OK thanks, that makes total sense.

I’ll have a play about with the variant configs to see if I can get the right ordering then submit changes if successful.

I’m currently writing a sketch to test variant coherency. I will share it this afternoon.

[fpiSTM – Fri Jan 11, 2019 12:26 pm] –
I’m currently writing a sketch to test variant coherency. I will share it this afternoon.

Great, thanks.

[BennehBoy – Fri Jan 11, 2019 2:13 pm] –

[fpiSTM – Fri Jan 11, 2019 12:26 pm] –
I’m currently writing a sketch to test variant coherency. I will share it this afternoon.

Great, thanks.

First shot. I will add some other check.

https://gist.github.com/fpistm/93f26012 … 6383e4f314

Nice.

Although I’m thinking that getting the correct PXy refs might be too much of a kludge.

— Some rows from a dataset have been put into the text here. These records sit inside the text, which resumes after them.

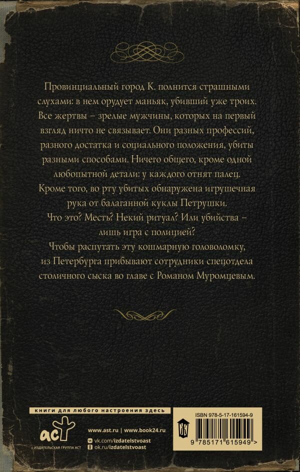 Провинциальный российский город К. полнится страшными слухами: в нем орудует маньяк, убивший уже троих. Все жертвы - взрослые мужчины, которых на первый взгляд ничто не связывает. Они разных профессий, разного достатка и социального положения, убиты разными способами. Ничего общего, кроме одной любопытной детали: у каждого отнят палец. Кроме того, во рту убитых обнаружена игрушечная рука от балаганной куклы Петрушки. Что это? Месть? Некий ритуал? Или убийства - лишь игра с полицией? Чтобы распутать эту кошмарную головоломку, из Петербурга прибывают сотрудники спецотдела столичного сыска во главе с Романом Муромцевым.
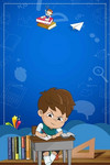 边框蓝色书本人物卡通冲刺高考倒计时励志海报背景
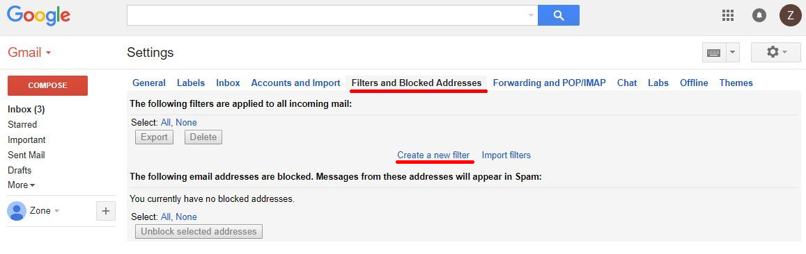 2. In settings select “Filters and Blocked Addresses”, then click “Create a new filter”.
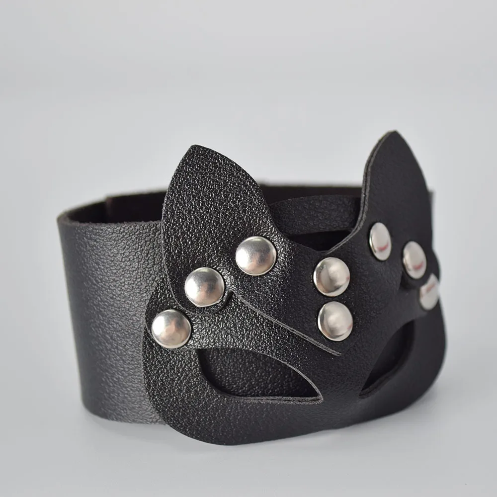 Кошачьи шпильки для ушей широкие манжеты из искусственной кожи панк готический рок унисекс браслет женские и мужские ювелирные изделия кожаные браслеты Harajuku 2022
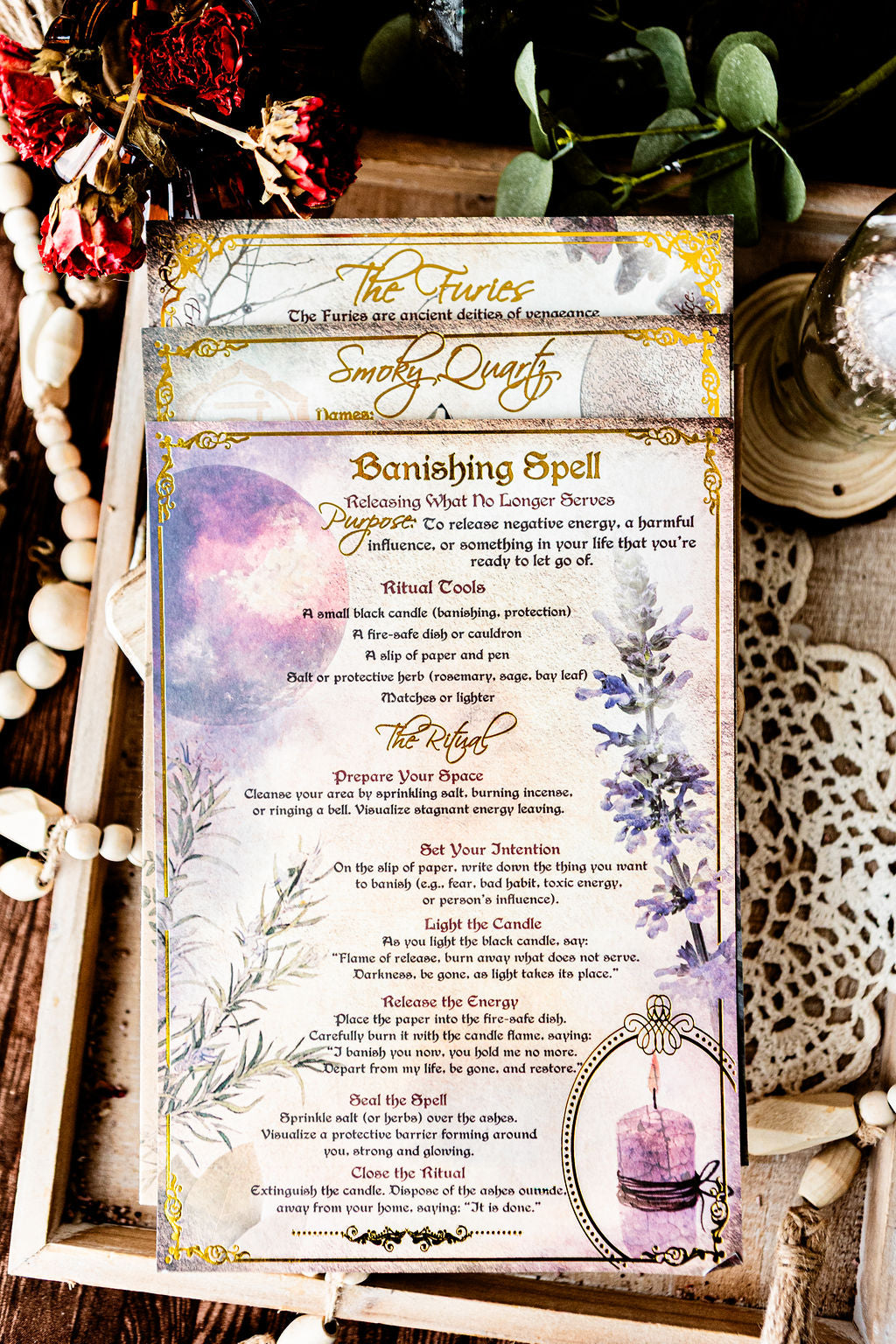 These beautifully designed grimoire sheets were created with your book of spells in mind. Each sheet includes information about a specific topic in earth-based spirituality and is printed on aged parchment with gold foil details. 🌿
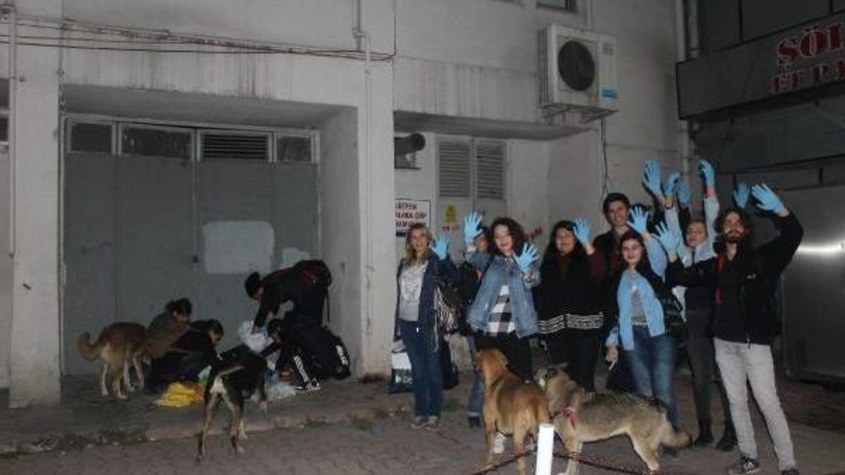Kocaeli Üniversitesi'nden yaklaşık 30 öğrenci her akşam sokak hayvanlarını beslemek için bir araya geliyor. Ellerine eldivenlerini geçiren öğrenciler, İzmit Acısu çevresindeki kasapların attıkları etler ile kemikleri ve çöp konteynerlerinden yiyecekleri ayırarak, sokak hayvanlarını besliyor. Köpek ve kediler, öğrencilerin etrafında toplanırken, bıraktıkları yiyecekleri yiyerek karınlarını doyuruyor. Öğrenciler hayvanları besledikten sonra besleme yaptıkları alanları süpürgelerle temizliyor.

This tool will help for now I think.

@fpiSTM

Is the ADC configured to be only 10 bit for Arduino AVR compatibility?

Any way to have the full 12 bits?

Just had a look at wiring_analog.c

Presumably we could make the _readResolution adjustable somehow?

Presently it is fixed at 10:

static int _readResolution = 10;

From what I can tell ESP has code in their HAL to handle the resolution (up to 12 bit h/w or 16 bit s/w).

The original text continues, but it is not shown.